Can Social Categorisation Elicit Own-Group Biases in Face Recognition

Harrison, Virginia and Hole, Graham (2018). Can Social Categorisation Elicit Own-Group Biases in Face Recognition. In: British Psychological Society Cognitive Section Conference, 29-31 Aug 2018, Liverpool.


Previous research has demonstrated a number of own-group biases in face recognition. For example, people are better at recognising own-race compared to other-race faces (Meissner & Brigham, 2001); and own-age compared to other-age faces (Anastasi & Rhodes, 2012). However, exactly why these own-group biases occur is unclear.

Perceptual expertise and social-cognitive accounts have been put forward in an attempt to explain these effects. The first suggests the own-group advantage arises from the relatively increased experience (and therefore expertise) we have differentiating own-group faces; while the second suggests these effects are simply the result of categorising a face as belonging to our ‘in’ or ‘out’ group.
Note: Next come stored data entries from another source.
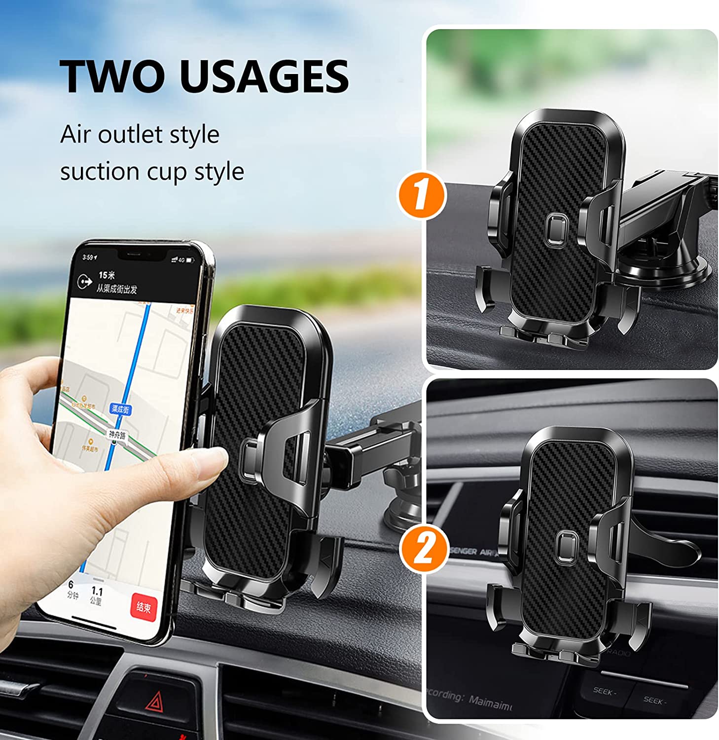 Yonput 1 PC Car Phone Holder Mount, Two Styles Black Cell Phone Holder Car Dashboard Windshield Air Vent Universal Phone Car Mount Compatible with All Phones (Suction Cup Holder & Air Vent Holder)
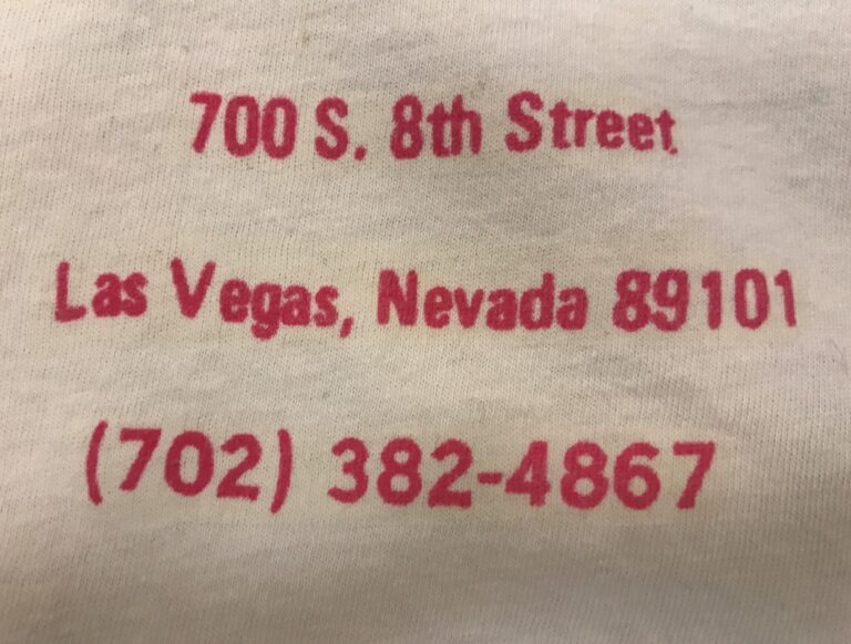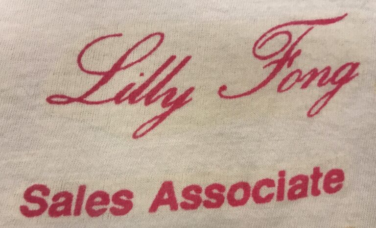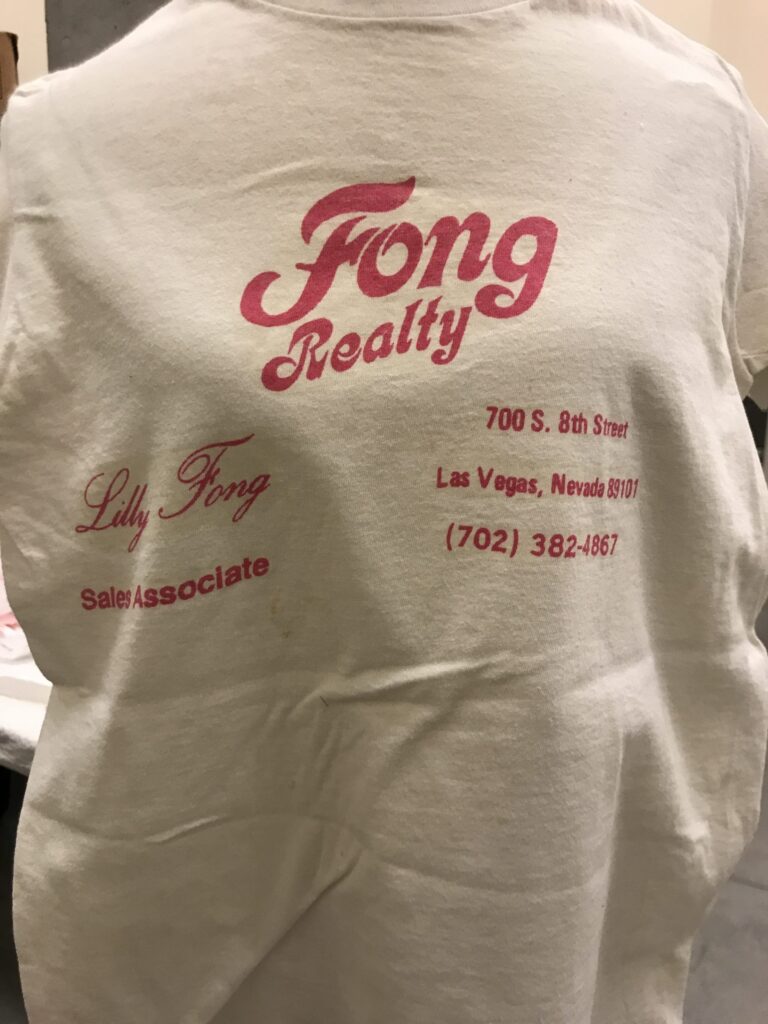 This is a white t-shirt with hot pink font that reads: “Fong Realty / Lilly Fong Sales Associate / 700 S. 8th Street Las Vegas, Nevada 89101 (702) 382-467”.
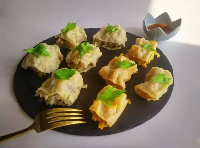 第十二步、准备一些香喷喷的辣椒油、少许蒜泥、适量醋、少许生抽,调成一个蘸汁,就可以配着美味又营养的双味滋卷,慢慢享用了,因为制作过程中我们已经预调了一些味道,所以原味的双色滋卷已经很美味,南瓜滋卷柔软清甜,萝卜豆腐鸡蛋滋卷清爽咸香,两种味道一次感受。
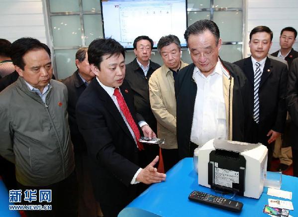 4月12日至17日,中共中央政治局常委、全国人大常委会委员长吴邦国在河南调研。这是4月15日,在位于焦作市的卓林数码材料有限公司,吴邦国听取企业生产与创新情况介绍。新华社记者 庞兴雷 摄
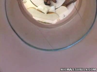This pretty dark skinned shemale lays naked in bed while playing with her shemale cock. Her partner walked in on her and took part by sucking off her cock. They got in a hot 69 cock gobbling before this shemale knobbed her partner's tight ass by making him ride on top.
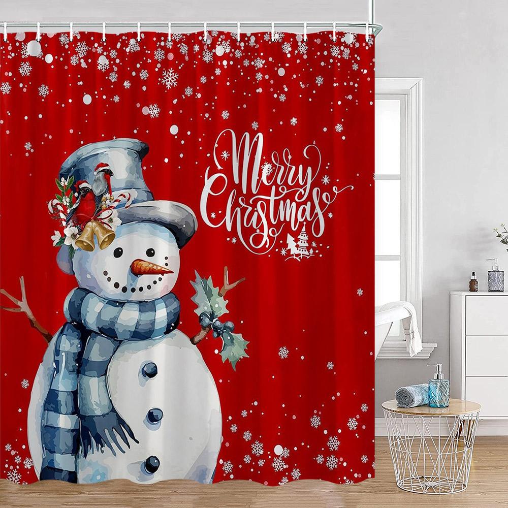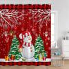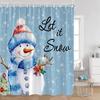 Christmas Snowman Happy New Year Shower Curtain Merry Christmas Winter Snowy Snowflake Pine Bathtub Decor Polyester Bath Curtain
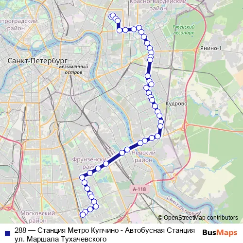 Bus 288 - Станция Метро Купчино - Автобусная Станция ул. Маршала Тухачевского Schedule in Saint Petersburg

Two studies explored whether own-group biases can be brought about by mere categorisation at encoding. Participants were shown 40 facial images grouped according to in-/out-group status. Study One used University membership as the grouping variable; while Study Two grouped faces (and participants) according to their position on Brexit (i.e. as Leave or Remain supporters). Differences in accuracy for in- and out-group faces were investigated, alongside the influence of in-group affiliation strength. Results are discussed in terms of the perceptual expertise and social-cognitive explanations of own-group biases.